EXERCISE AIM → Output the lines of the listing below exactly, starting at the line containing "Bảng xếp hạng" and stopping after the last line, with any pictures dropped.

INFORMATION SUPPLIED →

——

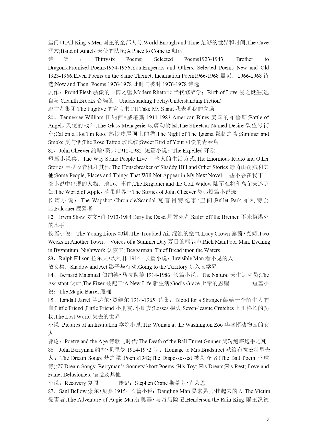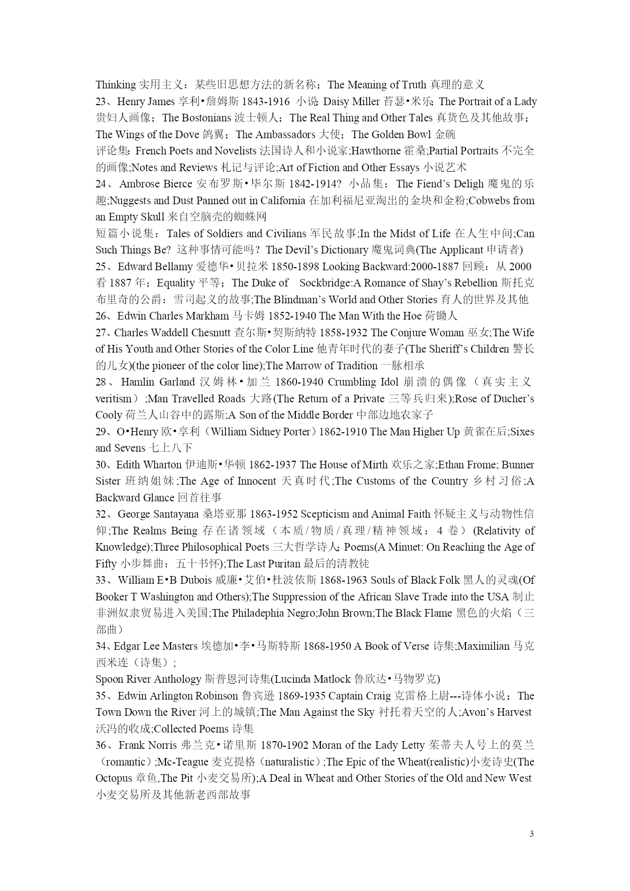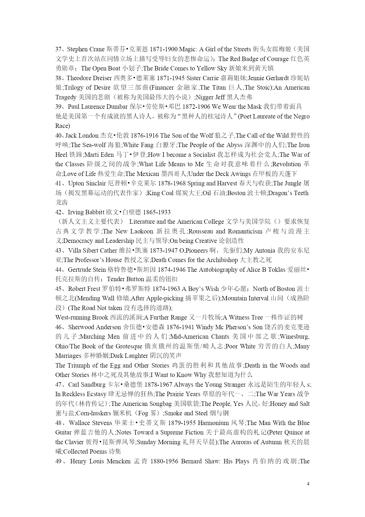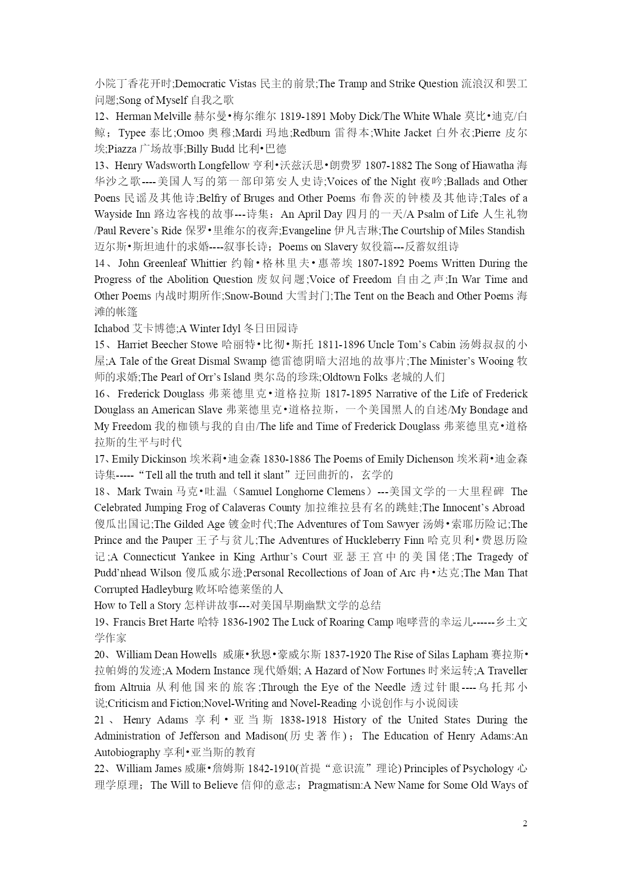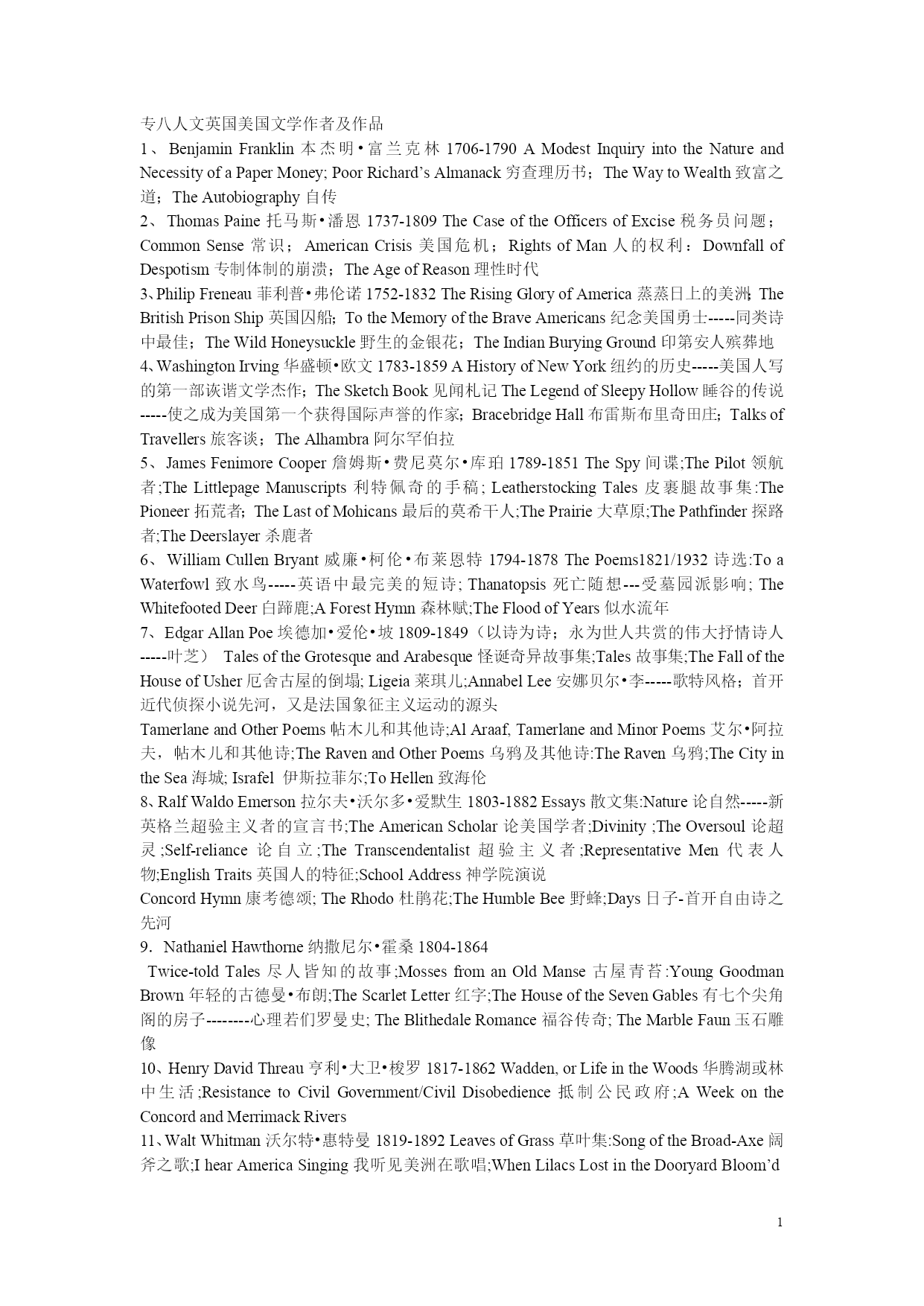 PAGEPAGE12专八人文英国美国文学作者及作品1、BenjaminFranklin本杰明•富兰克林1706-1790AModestInquiryintotheNatureandNecessityofaPaperMoney;PoorRichard’sAlmanack穷查理历书;TheWaytoWealth致富之道;TheAutobiography自传2、ThomasPaine托马斯•潘恩1737-1809TheCaseoftheOfficersofExcise税务员问题;CommonSense常识;AmericanCrisis美国危机;RightsofMan人的权利:DownfallofDespotism专制体制的崩溃;TheAgeofReason理性时代3、PhilipFreneau菲利普•弗伦诺1752-1832TheRisingGloryofAmerica蒸蒸日上的美洲;TheBritishPrisonShip英国囚船;TotheMemoryoftheBraveAmericans纪念美国勇士-----同类诗中最佳;TheWildHoneysuckle野生的金银花;TheIndianBuryingGround印第安人殡葬地4、WashingtonIrving华盛顿•欧文1783-1859AHistoryofNewYork纽约的历史-----美国人写的第一部诙谐文学杰作;TheSketchBook见闻札记TheLegendofSleepyHollow睡谷的传说-----使之成为美国第一个获得国际声誉的作家;BracebridgeHall布雷斯布里奇田庄;TalksofTravellers旅客谈;TheAlhambra阿尔罕伯拉5、JamesFenimoreCooper詹姆斯•费尼莫尔•库珀1789-1851TheSpy间谍;ThePilot领航者;TheLittlepageManuscripts利特佩奇的手稿;LeatherstockingTales皮裹腿故事集:ThePioneer拓荒者;TheLastofMohicans最后的莫希干人;ThePrairie大草原;ThePathfinder探路者;TheDeerslayer杀鹿者6、WilliamCullenBryant威廉•柯伦•布莱恩特1794-1878ThePoems1821/1932诗选:ToaWaterfowl致水鸟-----英语中最完美的短诗;Thanatopsis死亡随想---受墓园派影响;TheWhitefootedDeer白蹄鹿;AForestHymn森林赋;TheFloodofYears似水流年7、EdgarAllanPoe埃德加•爱伦•坡1809-1849(以诗为诗;永为世人共赏的伟大抒情诗人-----叶芝)TalesoftheGrotesqueandArabesque怪诞奇异故事集;Tales故事集;TheFalloftheHouseofUsher厄舍古屋的倒塌;Ligeia莱琪儿;AnnabelLee安娜贝尔•李-----歌特风格;首开近代侦探小说先河,又是法国象征主义运动的源头TamerlaneandOtherPoems帖木儿和其他诗;AlAraaf,TamerlaneandMinorPoems艾尔•阿拉夫,帖木儿和其他诗;TheRavenandOtherPoems乌鸦及其他诗:TheRaven乌鸦;TheCityintheSea海城;Israfel伊斯拉菲尔;ToHellen致海伦8、RalfWaldoEmerson拉尔夫•沃尔多•爱默生1803-1882Essays散文集:Nature论自然-----新英格兰超验主义者的宣言书;TheAmericanScholar论美国学者;Divinity;TheOversoul论超灵;Self-reliance论自立;TheTranscendentalist超验主义者;RepresentativeMen代表人物;EnglishTraits英国人的特征;SchoolAddress神学院演说ConcordHymn康考德颂;TheRhodo杜鹃花;TheHumbleBee野蜂;Days日子-首开自由诗之先河9.NathanielHawthorne纳撒尼尔•霍桑1804-1864Twice-toldTales尽人皆知的故事;MossesfromanOldManse古屋青苔:YoungGoodmanBrown年轻的古德曼•布朗;TheScarletLetter红字;TheHouseoftheSevenGables有七个尖角阁的房子--------心理若们罗曼史;TheBlithedaleRomance福谷传奇;TheMarbleFaun玉石雕像10、HenryDav
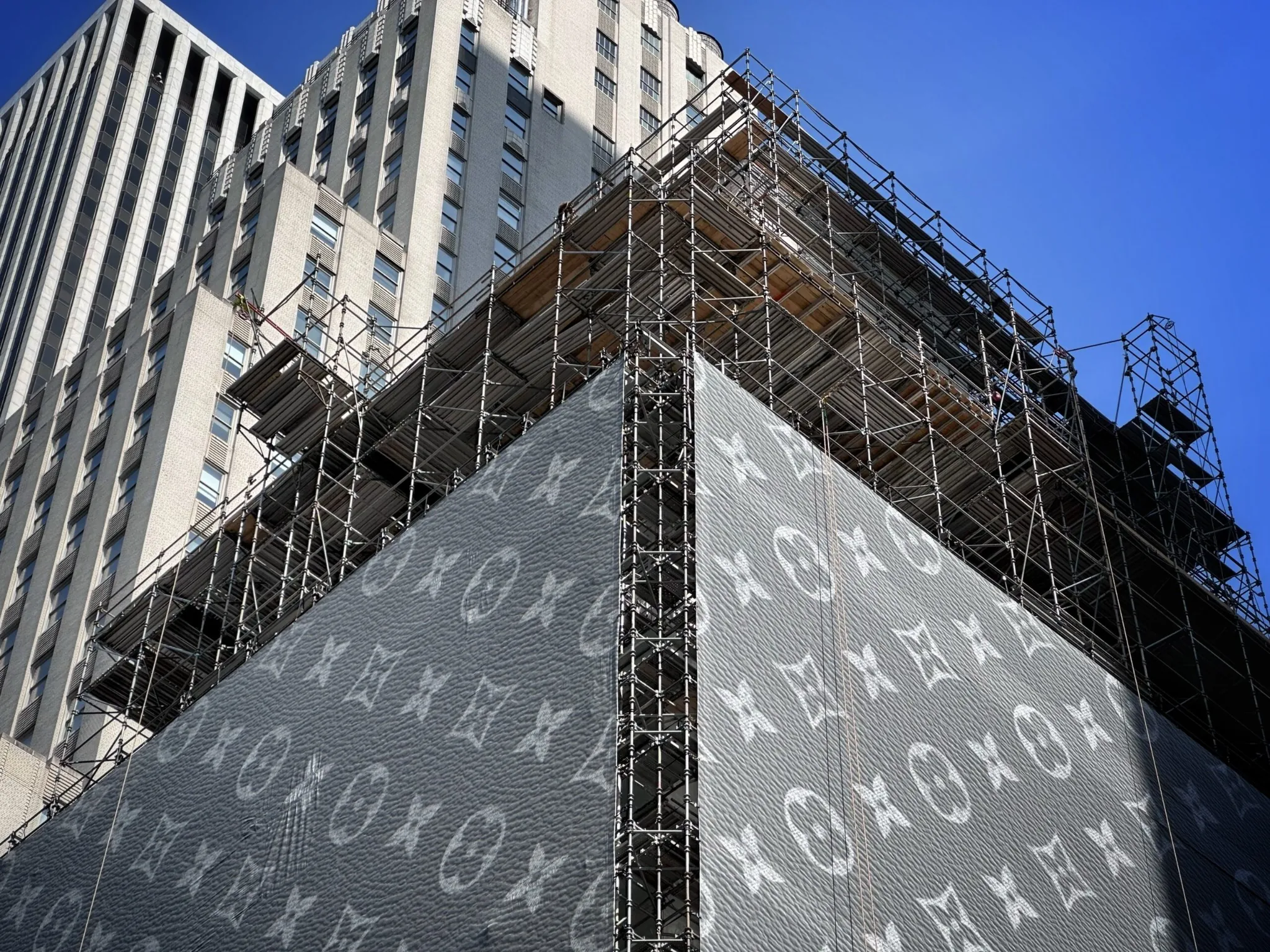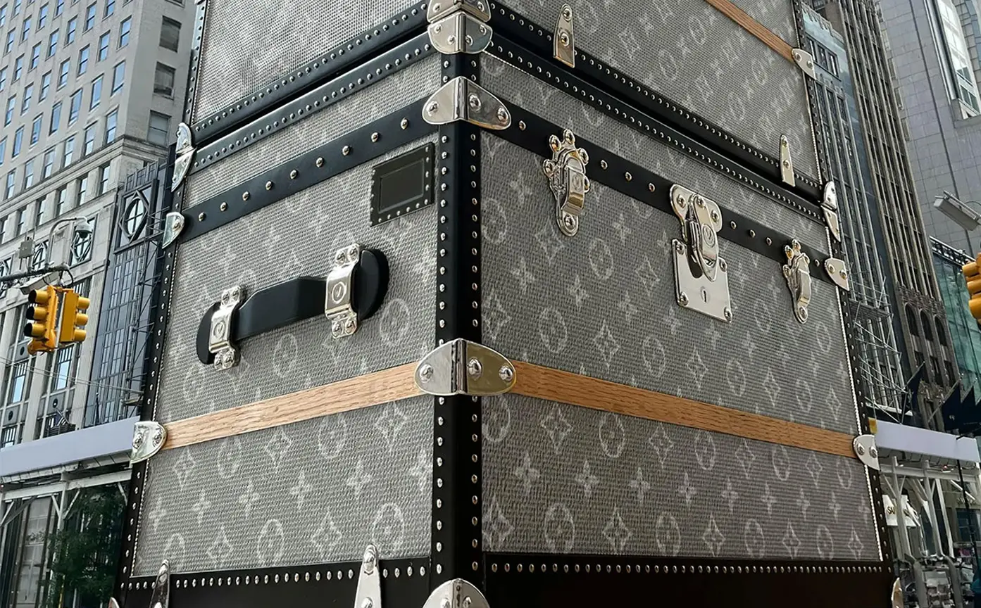 Louis Vuitton está renovando su flagship store en Nueva York y, en lugar de cubrir la obra con lonas comunes, decidió vestir toda la estructura de construcción con el diseño icónico de sus maletas.
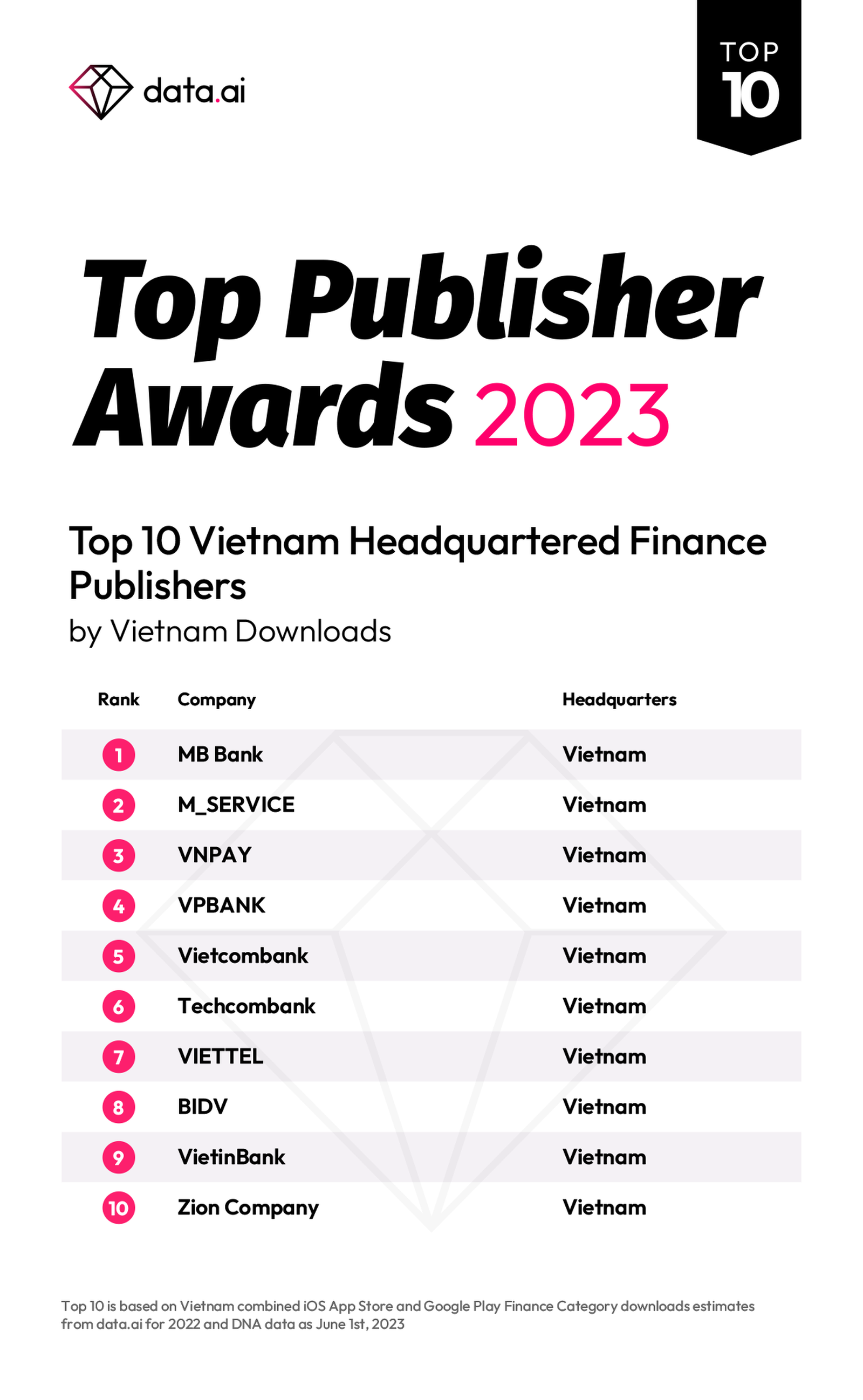 Bảng xếp hạng top 10 nhà phát hành ứng dụng tài chính tại Việt Nam năm 2023 theo data.ai
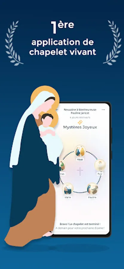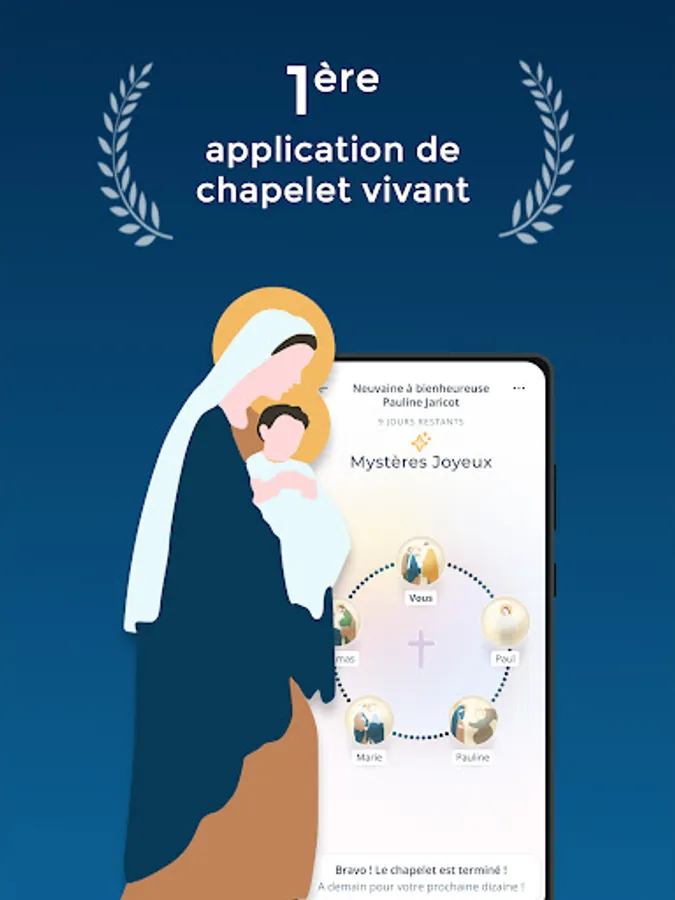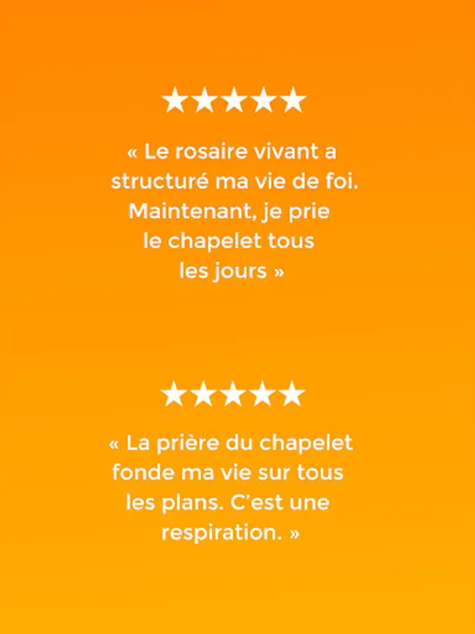 • Rosario invites you to meditate on the 20 mysteries in 20 days of using the application so that you can discover them all.

——

YOUR SOLUTION →
 Bảng xếp hạng top 10 nhà phát hành ứng dụng tài chính tại Việt Nam năm 2023 theo data.ai
 • Rosario invites you to meditate on the 20 mysteries in 20 days of using the application so that you can discover them all.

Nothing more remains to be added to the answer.